§ YOUR OBJECTIVE
Copy out the full data exactly as given; pictures should not be included.

*** Opening DATA FOR REVIEW ***

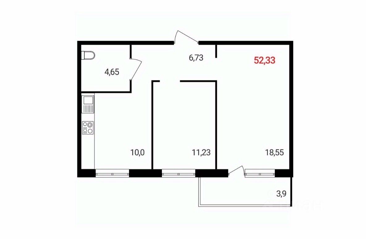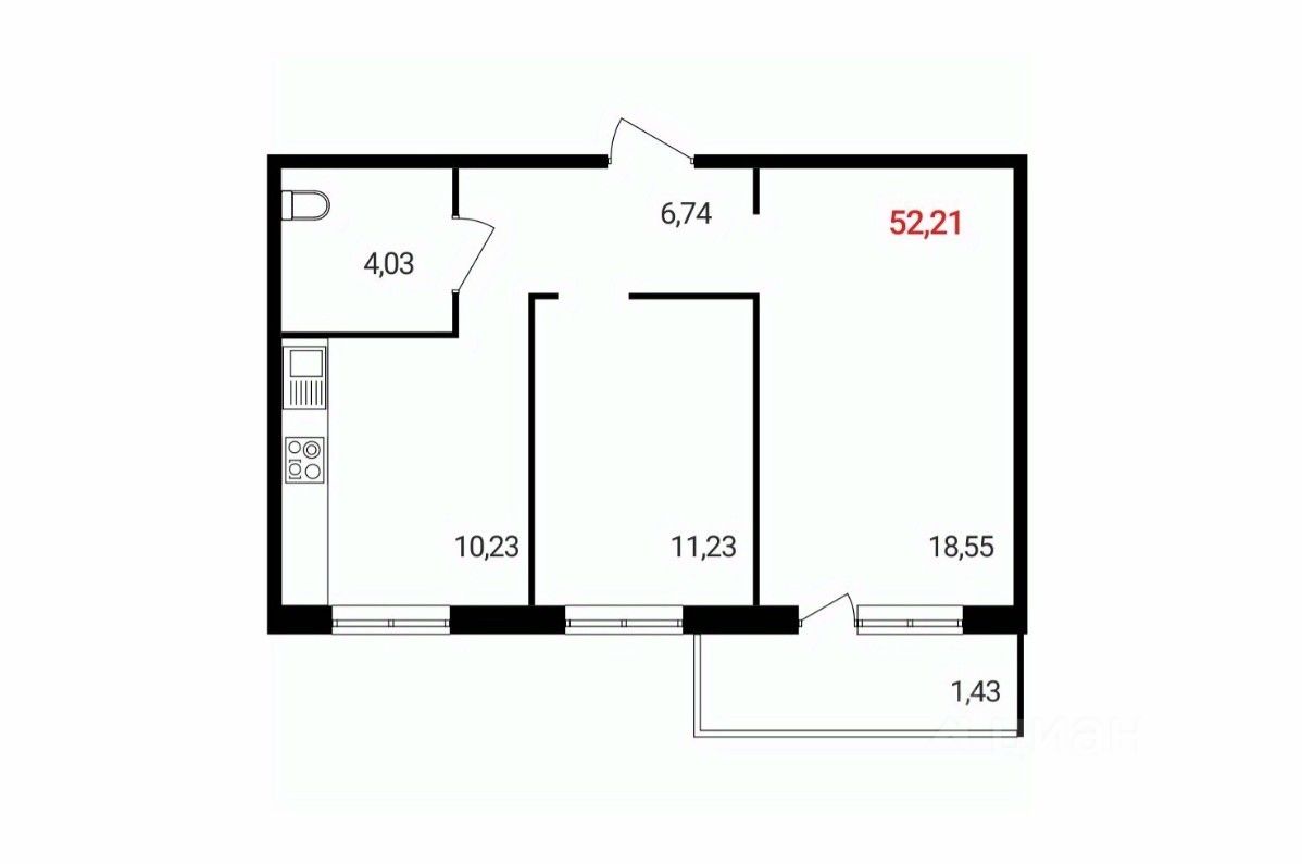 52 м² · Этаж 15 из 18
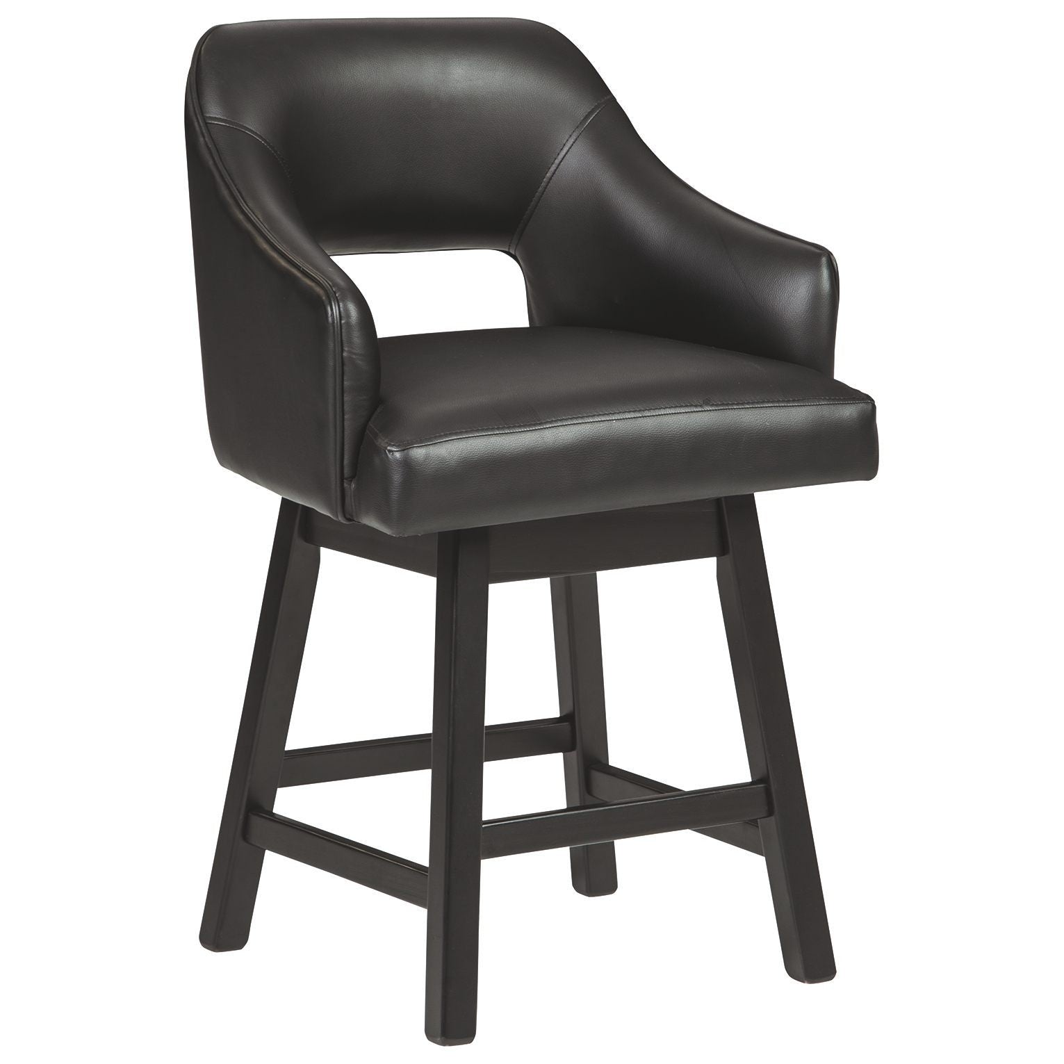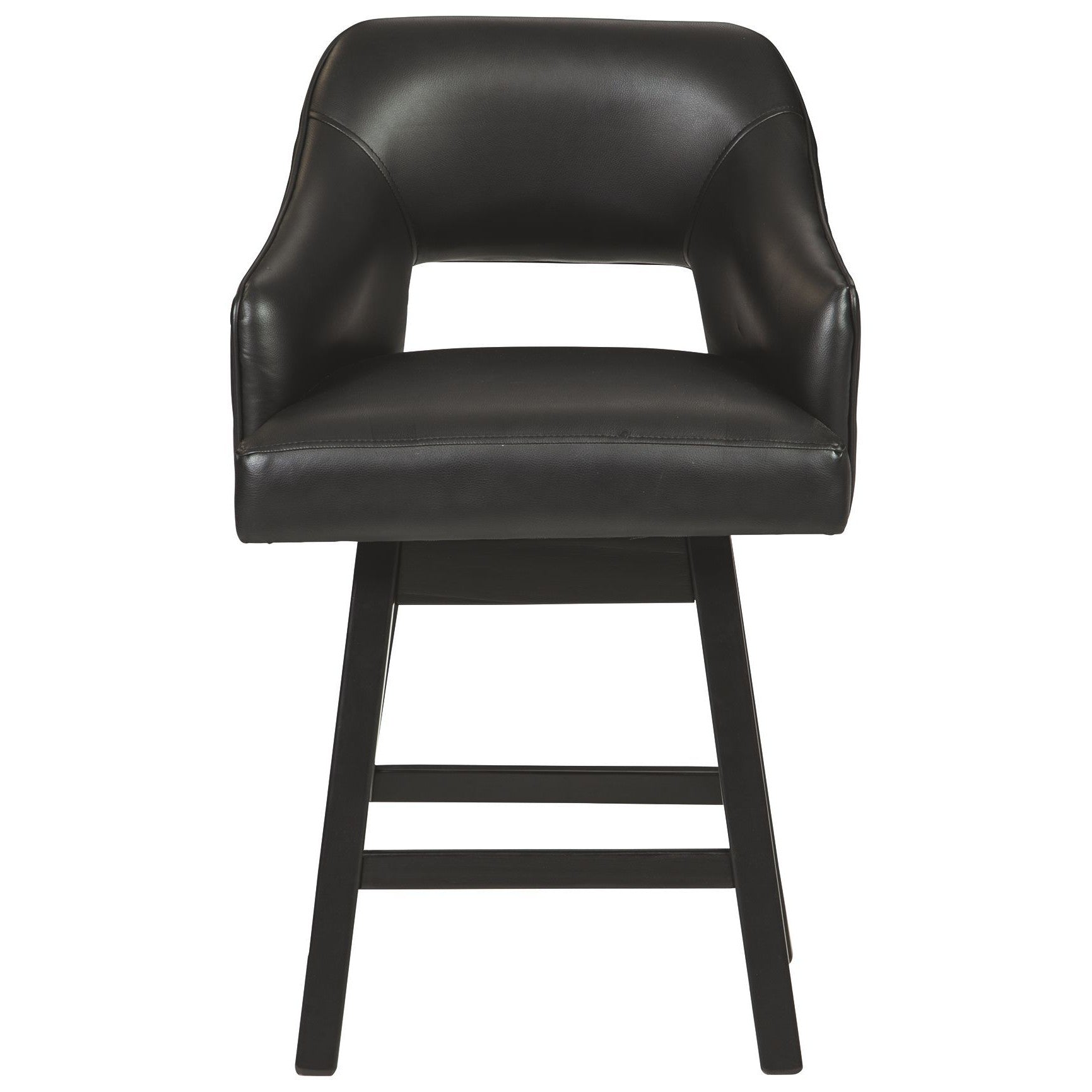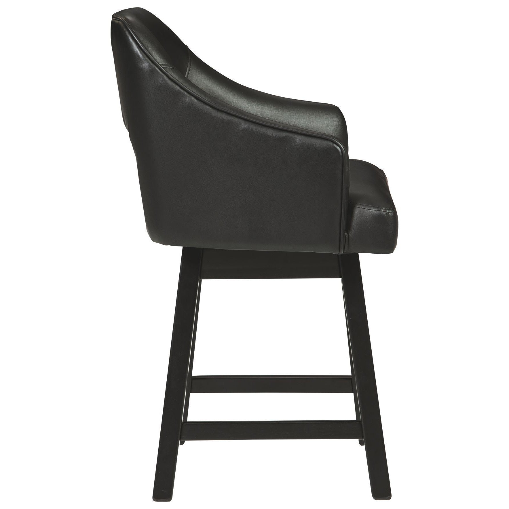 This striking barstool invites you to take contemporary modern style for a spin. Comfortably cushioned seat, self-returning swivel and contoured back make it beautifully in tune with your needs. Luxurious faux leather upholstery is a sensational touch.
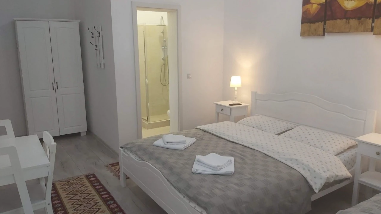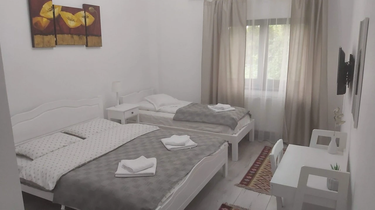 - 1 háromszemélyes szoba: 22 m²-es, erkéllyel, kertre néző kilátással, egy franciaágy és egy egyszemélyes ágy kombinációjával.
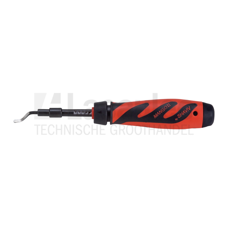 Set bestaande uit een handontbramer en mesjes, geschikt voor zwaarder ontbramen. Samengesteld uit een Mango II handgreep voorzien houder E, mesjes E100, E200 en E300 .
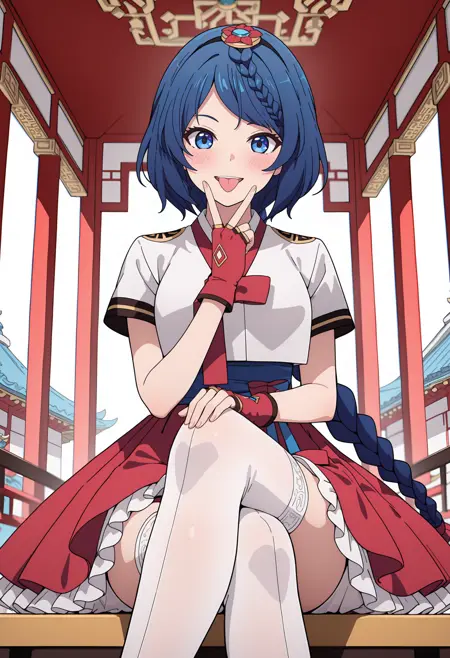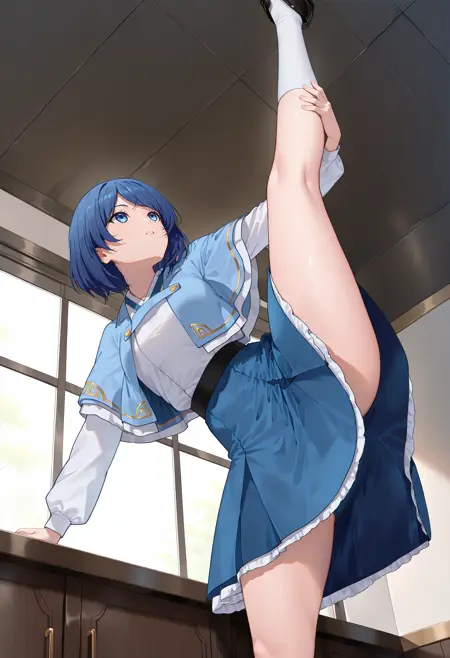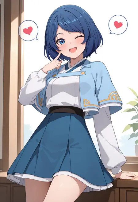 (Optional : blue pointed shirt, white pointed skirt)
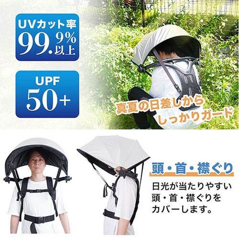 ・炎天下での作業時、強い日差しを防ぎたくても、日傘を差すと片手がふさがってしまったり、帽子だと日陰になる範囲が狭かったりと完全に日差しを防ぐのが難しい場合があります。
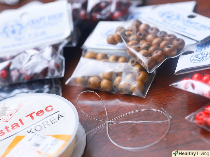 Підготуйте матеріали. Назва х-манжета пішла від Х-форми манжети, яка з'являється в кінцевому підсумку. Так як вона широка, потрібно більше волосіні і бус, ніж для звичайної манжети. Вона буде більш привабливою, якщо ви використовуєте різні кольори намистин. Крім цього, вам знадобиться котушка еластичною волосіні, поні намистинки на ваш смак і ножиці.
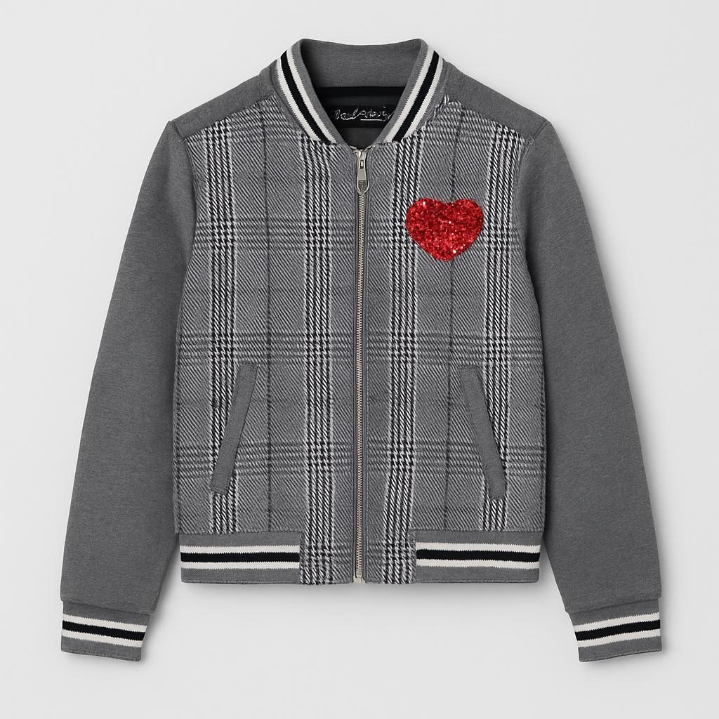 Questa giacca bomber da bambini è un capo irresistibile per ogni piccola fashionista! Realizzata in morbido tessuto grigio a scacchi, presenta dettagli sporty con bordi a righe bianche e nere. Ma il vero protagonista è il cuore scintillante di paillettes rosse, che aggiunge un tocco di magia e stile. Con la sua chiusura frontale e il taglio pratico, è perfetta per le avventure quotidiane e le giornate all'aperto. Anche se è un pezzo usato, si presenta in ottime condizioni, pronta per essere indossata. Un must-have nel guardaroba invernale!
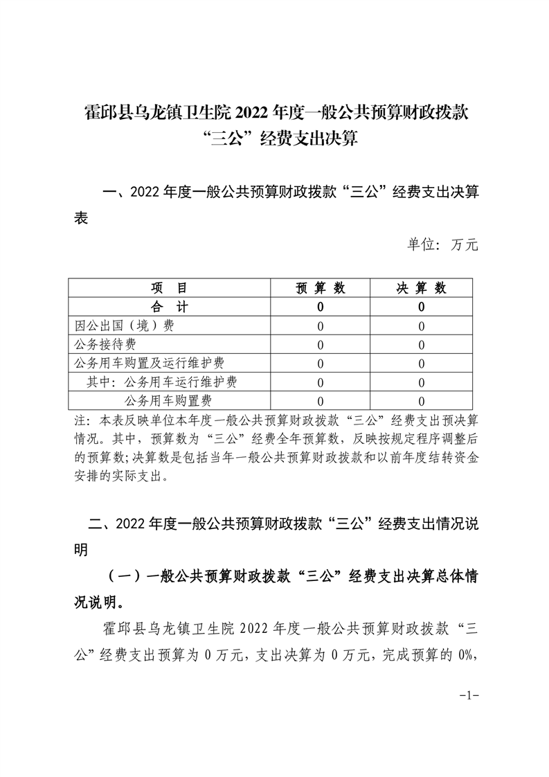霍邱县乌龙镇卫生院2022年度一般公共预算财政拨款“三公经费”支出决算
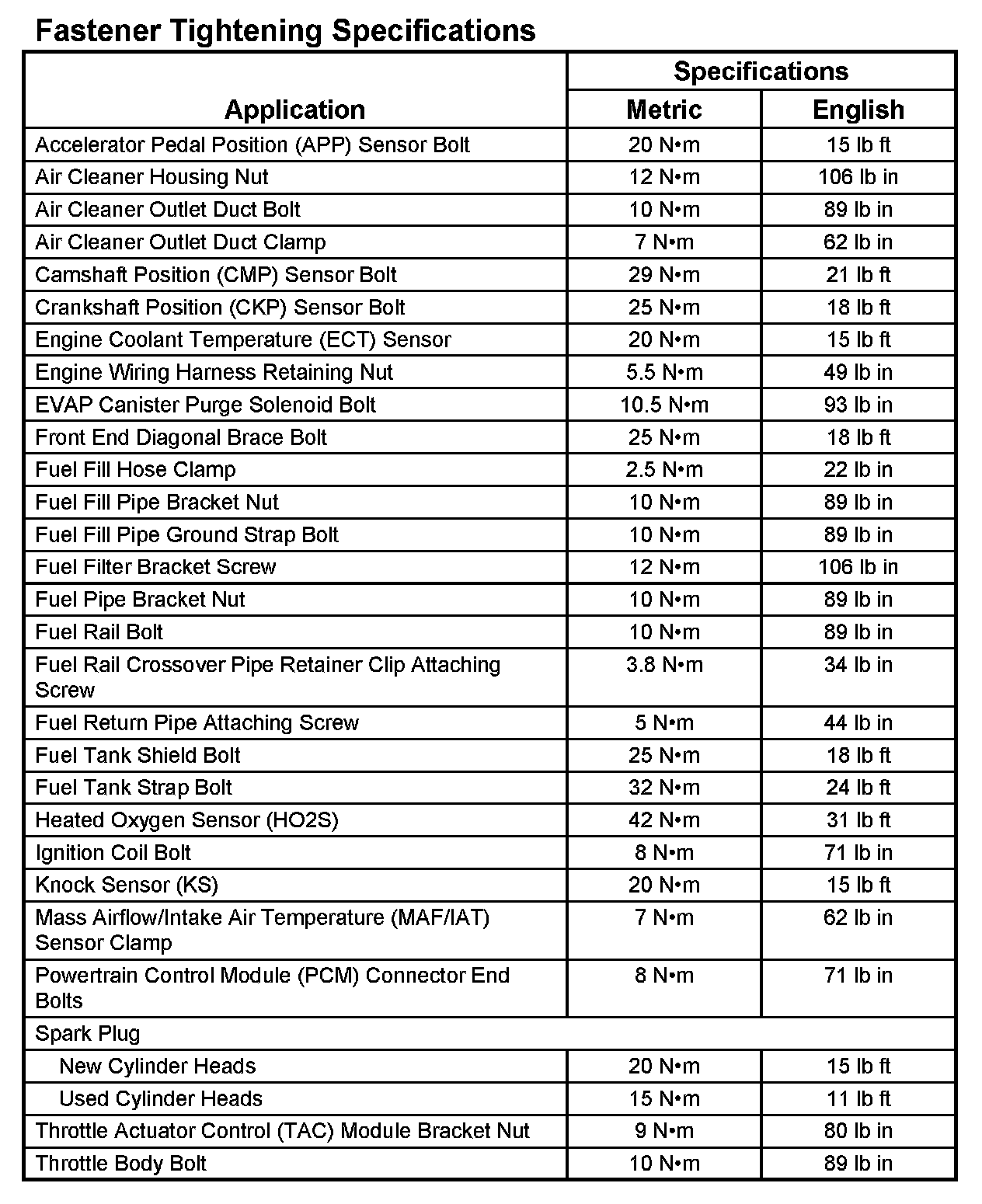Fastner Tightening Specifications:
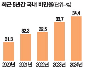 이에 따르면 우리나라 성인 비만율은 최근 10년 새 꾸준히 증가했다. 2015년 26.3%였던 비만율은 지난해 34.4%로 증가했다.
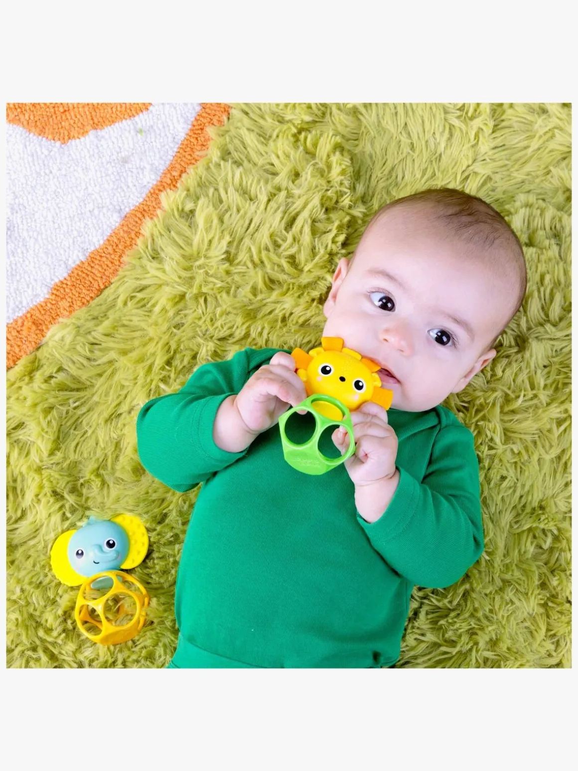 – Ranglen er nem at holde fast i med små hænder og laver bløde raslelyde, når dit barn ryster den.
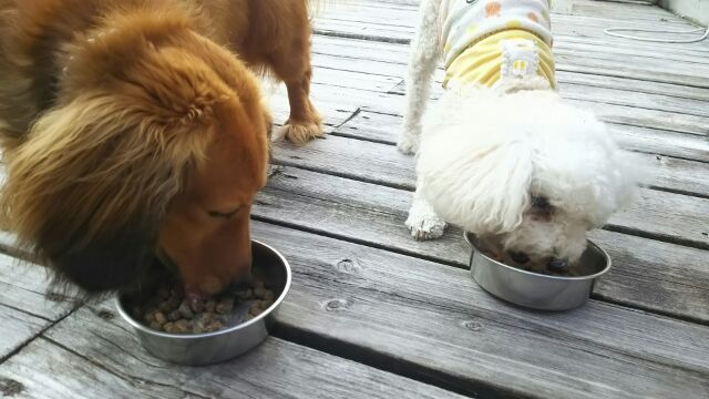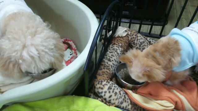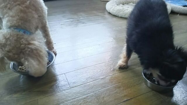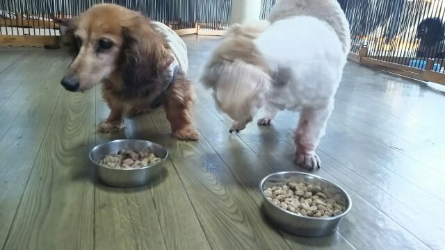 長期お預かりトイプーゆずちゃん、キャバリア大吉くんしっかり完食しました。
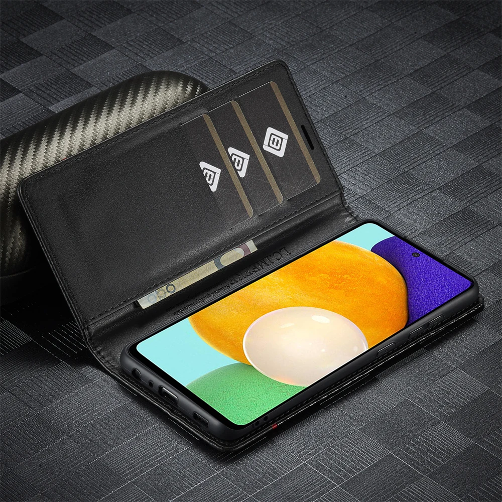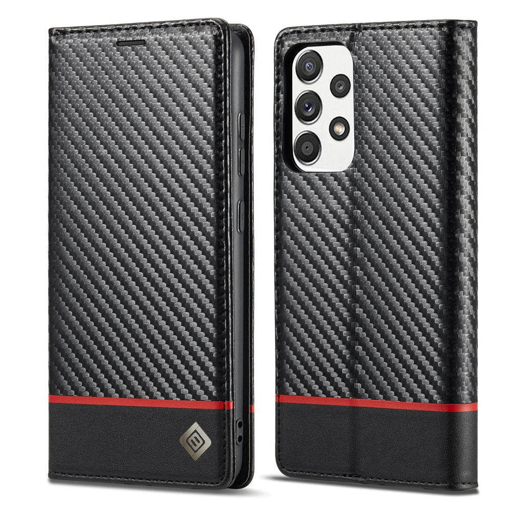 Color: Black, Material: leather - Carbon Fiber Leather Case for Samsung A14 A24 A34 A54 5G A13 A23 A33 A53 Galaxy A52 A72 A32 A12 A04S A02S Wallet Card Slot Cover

*** Closing DATA FOR REVIEW ***

§ RESPONSE
 52 м² · Этаж 15 из 18
 This striking barstool invites you to take contemporary modern style for a spin. Comfortably cushioned seat, self-returning swivel and contoured back make it beautifully in tune with your needs. Luxurious faux leather upholstery is a sensational touch.
 - 1 háromszemélyes szoba: 22 m²-es, erkéllyel, kertre néző kilátással, egy franciaágy és egy egyszemélyes ágy kombinációjával.
 Set bestaande uit een handontbramer en mesjes, geschikt voor zwaarder ontbramen. Samengesteld uit een Mango II handgreep voorzien houder E, mesjes E100, E200 en E300 .
 (Optional : blue pointed shirt, white pointed skirt)
 ・炎天下での作業時、強い日差しを防ぎたくても、日傘を差すと片手がふさがってしまったり、帽子だと日陰になる範囲が狭かったりと完全に日差しを防ぐのが難しい場合があります。
 Підготуйте матеріали. Назва х-манжета пішла від Х-форми манжети, яка з'являється в кінцевому підсумку. Так як вона широка, потрібно більше волосіні і бус, ніж для звичайної манжети. Вона буде більш привабливою, якщо ви використовуєте різні кольори намистин. Крім цього, вам знадобиться котушка еластичною волосіні, поні намистинки на ваш смак і ножиці.
 Questa giacca bomber da bambini è un capo irresistibile per ogni piccola fashionista! Realizzata in morbido tessuto grigio a scacchi, presenta dettagli sporty con bordi a righe bianche e nere. Ma il vero protagonista è il cuore scintillante di paillettes rosse, che aggiunge un tocco di magia e stile. Con la sua chiusura frontale e il taglio pratico, è perfetta per le avventure quotidiane e le giornate all'aperto. Anche se è un pezzo usato, si presenta in ottime condizioni, pronta per essere indossata. Un must-have nel guardaroba invernale!
霍邱县乌龙镇卫生院2022年度一般公共预算财政拨款“三公经费”支出决算
Fastner Tightening Specifications:
 이에 따르면 우리나라 성인 비만율은 최근 10년 새 꾸준히 증가했다. 2015년 26.3%였던 비만율은 지난해 34.4%로 증가했다.
 – Ranglen er nem at holde fast i med små hænder og laver bløde raslelyde, når dit barn ryster den.
 長期お預かりトイプーゆずちゃん、キャバリア大吉くんしっかり完食しました。
 Color: Black, Material: leather - Carbon Fiber Leather Case for Samsung A14 A24 A34 A54 5G A13 A23 A33 A53 Galaxy A52 A72 A32 A12 A04S A02S Wallet Card Slot Cover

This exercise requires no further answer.